Crucially, it barely covers the sales brought in by Pretty Little Thing and Nasty Gal, both acquired in the first two months of this year.

Kane and Kamani labelled the acquisitions “a step-change in the size, structure and operation of the group” and there is no doubt that the acquisition of Nasty Gal should bolster Boohoo’s US credentials.

Next year’s figures will show the impact of the two acquisitions.

But in the meantime, how do Boohoo’s numbers compare to its competition, fellow British fast-fashion outfits Asos and Missguided? Retail Week takes a closer look.

Asos

Asos’s international and UK sales have followed the same trajectory for the last four years, with international bringing in a bigger slice of the pie every year.

However, group profits have failed to keep pace at the pre-tax level, reflecting one-off costs, and slowed in its last financial year to £32.7m.

However, Asos’s ‘continuing’ profit before tax and exceptional items was up 37% to £63.7m.

Boohoo

Boohoo’s international and UK revenue streams again follow a similar pattern as Asos but the other way round, so that the UK generates more sales.
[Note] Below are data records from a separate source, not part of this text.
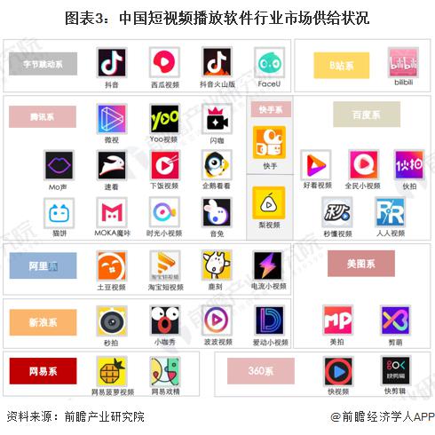 目前我國短視頻行業企業主要有字節跳動系、B 站系、騰訊系、快手系、百度系、阿里系、新浪系、美圖系、網易系和 360 系。其中,當前最火的視頻平臺之一——抖音屬于字節跳動系 ; 快手短視頻屬于快手系。不同派系的布局的短視頻產品情況如下:
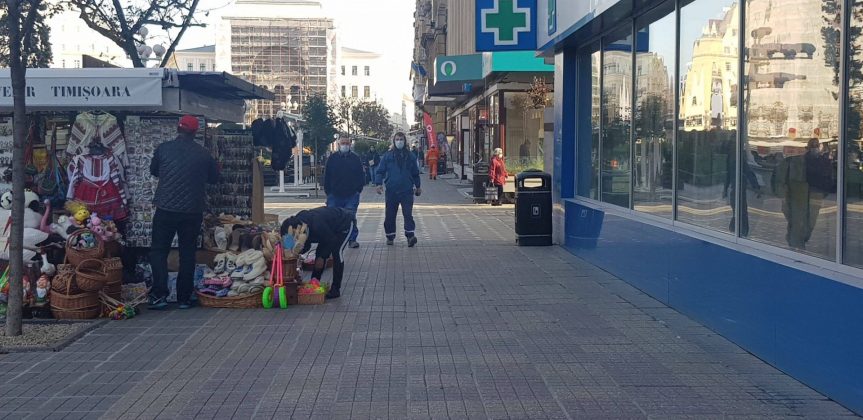 Dacă în piețe cei mai mulți clienți și comerciianți ppoartă mască, în zona pietonală sunt mai mulți cei care ignoră restricțiile. ”Pentru piețele comerciale, târgurile, oboarele la care accesul nu este controlat și nu se asigură distanța de minim 2 m între standurile de vânzare și prezența în perimetru a unui număr de persoane astfel încât să se asigure distanța de 2 m între aceste persoane, se va interzice funcționarea lor, până la încetarea stării de alertă. Regulile privind distanța între standurile de vânzare precum și între persoane se aplică și piețelor agroalimentare. Clienții vor purta măști de protecție iar comercianții vor purta mănuși și măști de protecție”, se arată în decizia CJSU Timiș.
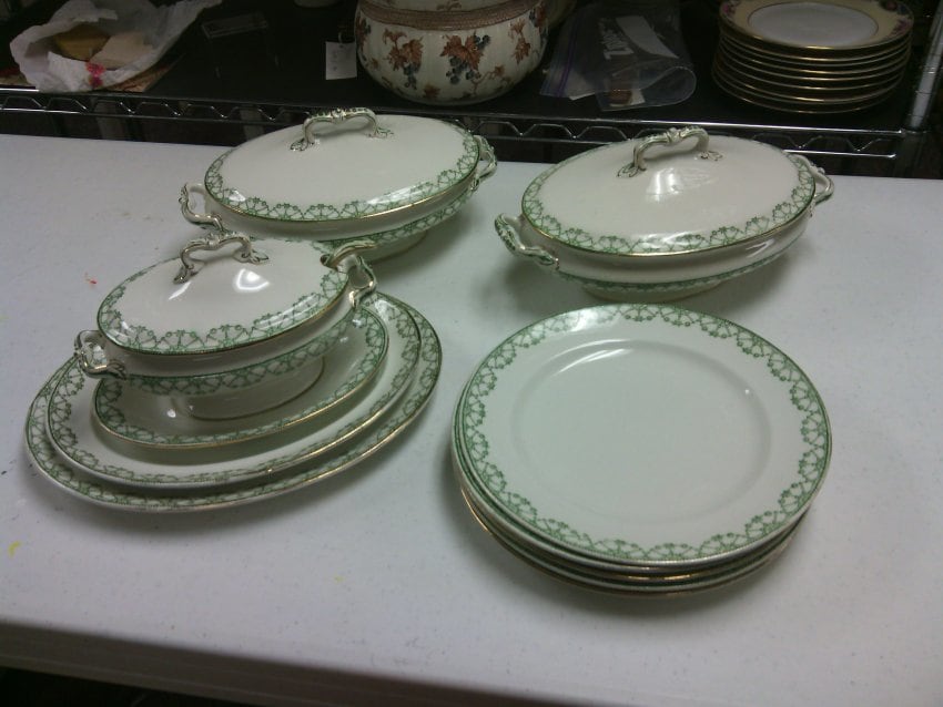 - Subject Matter: Victorian semi-porcelain table service, 15 pieces total, 2 covered serving dishes, 1 covered sauce boat with ladle, 1 large platter, 1 medium platter, 1 small platter, 5 plates, Green Realia pattern, Alfred B. Rearce & Co.
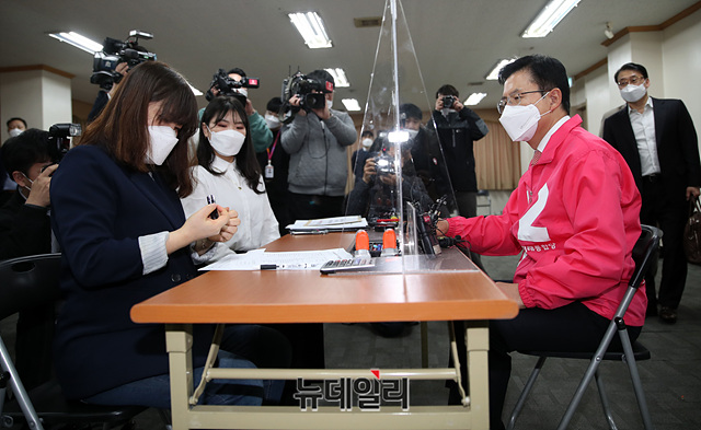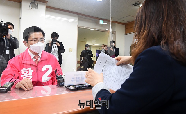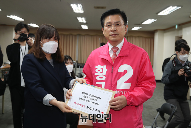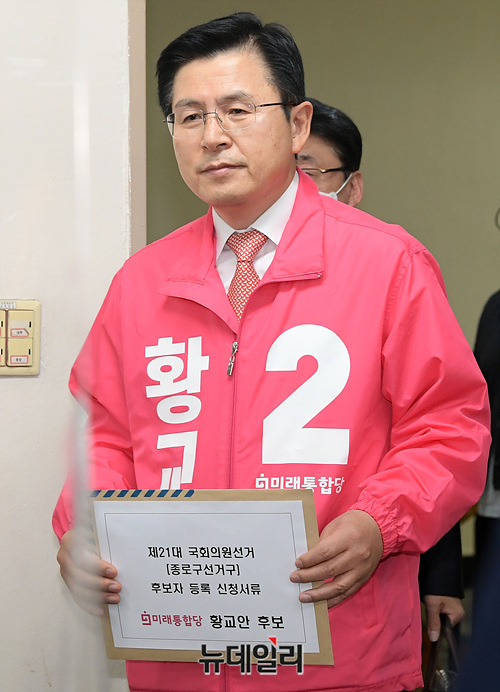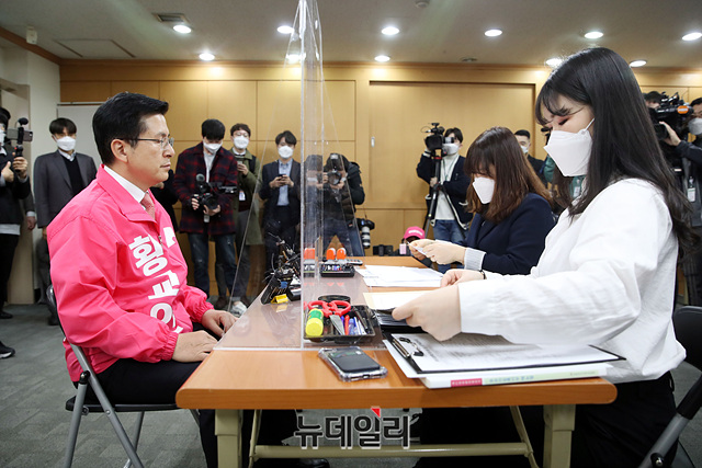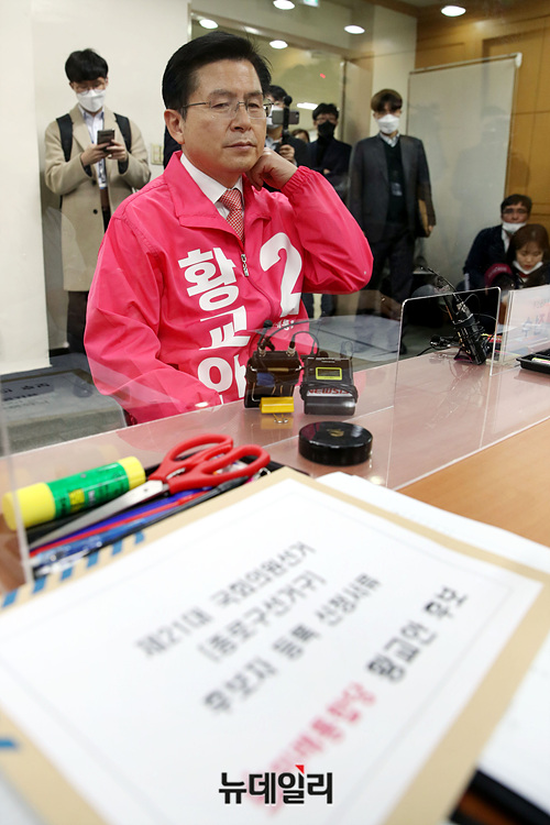 제21대 총선 서울 종로구에 출마하는 황교안 미래통합당 대표가 26일 오전 서울 종로구 선거관리위원회에서 후보자등록 접수를 하고 있다.
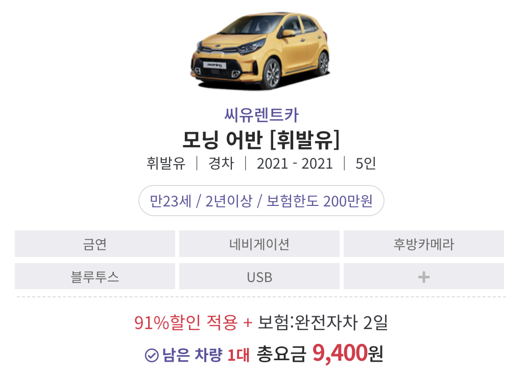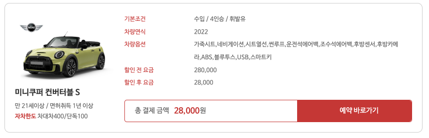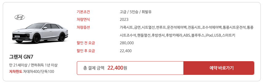 - 저렴한 가격: 경쟁사 대비 최대 40% 할인된 가격으로 렌터카 이용 가능
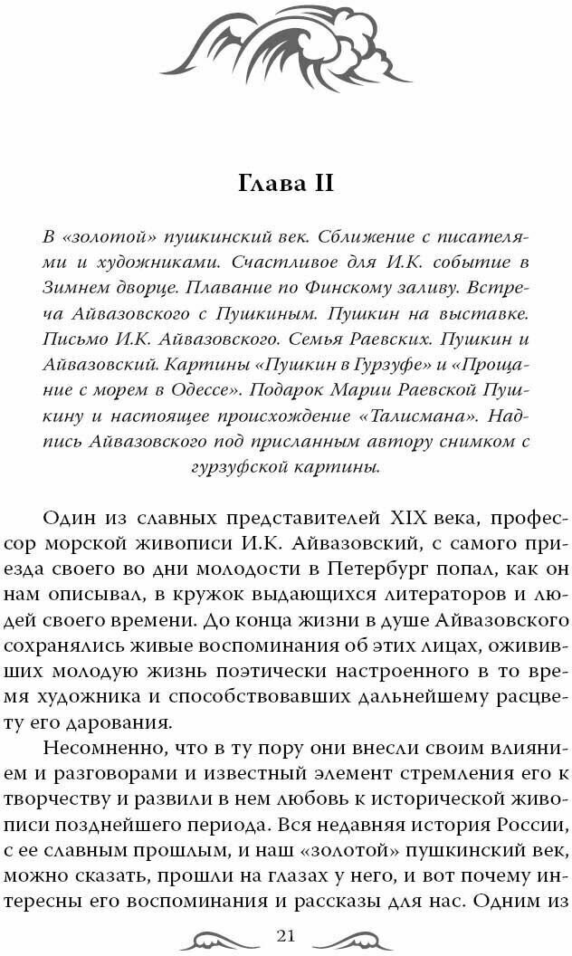 Желание увидеть картины этого художника и по сей день заставляет людей часами простаивать в очереди на выставки его работ. Морские пейзажи Айвазовского известны всему миру, но как они создавались? Что творилось в мастерской художника? Из чего складывалась повседневная жизнь легендарного мариниста? Обо всем этом вам расскажет книга воспоминаний друга и первого биографа И. Айвазовского.
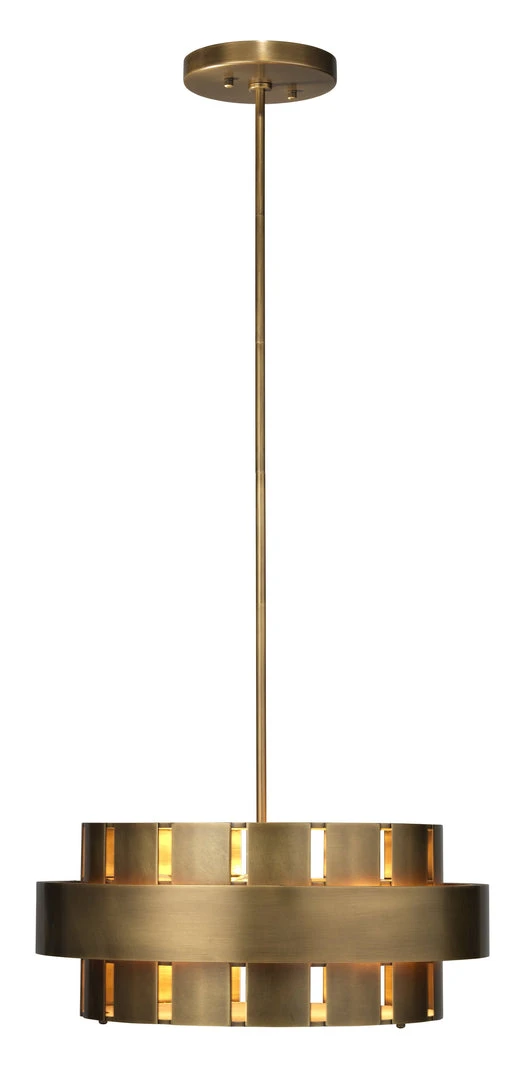 The inspiration for the Orbit pendants by Jamie Young is as unique as the lamps. She pulled from elements as disparate as the medieval turrets of European castles to the sleek circular designs popular in mid-century modern to create them! An intriguing blend of masculine and feminine, they are finished in a burnished antique brass. Available in two sizes, each includes a coordinating adjustable rod and canopy, and an acrylic diffuser to remove any harshness from their bulbs. The bulbs are not visible when sittin gunder the fixture.

The US, where Boohoo now owns Nasty Gal, should help drive international growth.

Although profit growth has not kept pace with sales growth, the trajectory is more aligned than at Asos.

Although Boohoo has already revealed its 2016/17 results and so is a year ahead, as it were, its profits almost match those of Asos even though sales are but a fraction of its rival’s.

Missguided

Missguided’s figures are the most irregular of the bunch, with UK sales far outstripping international revenues.

Profits, which in 2012/13 amounted to £11m have been up and down over the year and were a paltry £0.3m last year due to massive investment in projects such as Missguided’s store estate.

Writing for Retail Week, Boohoo chairman Peter Williams questioned the logic of fashion etailers embarking on bricks-and-mortar roll-outs.

For those who subscribe to the ‘sales are vanity, profits are sanity’ school of thought, Missguided’s numbers will serve to back up that thinking.

But retail is an unpredictable industry, and fashion is arguably the riskiest segment within that. If the fortunes of sector-leading businesses like these were easy to predict, well, it wouldn’t be half as much fun.

Perhaps Missguided’s foray into bricks-and-mortar may be the exception that proves the rule.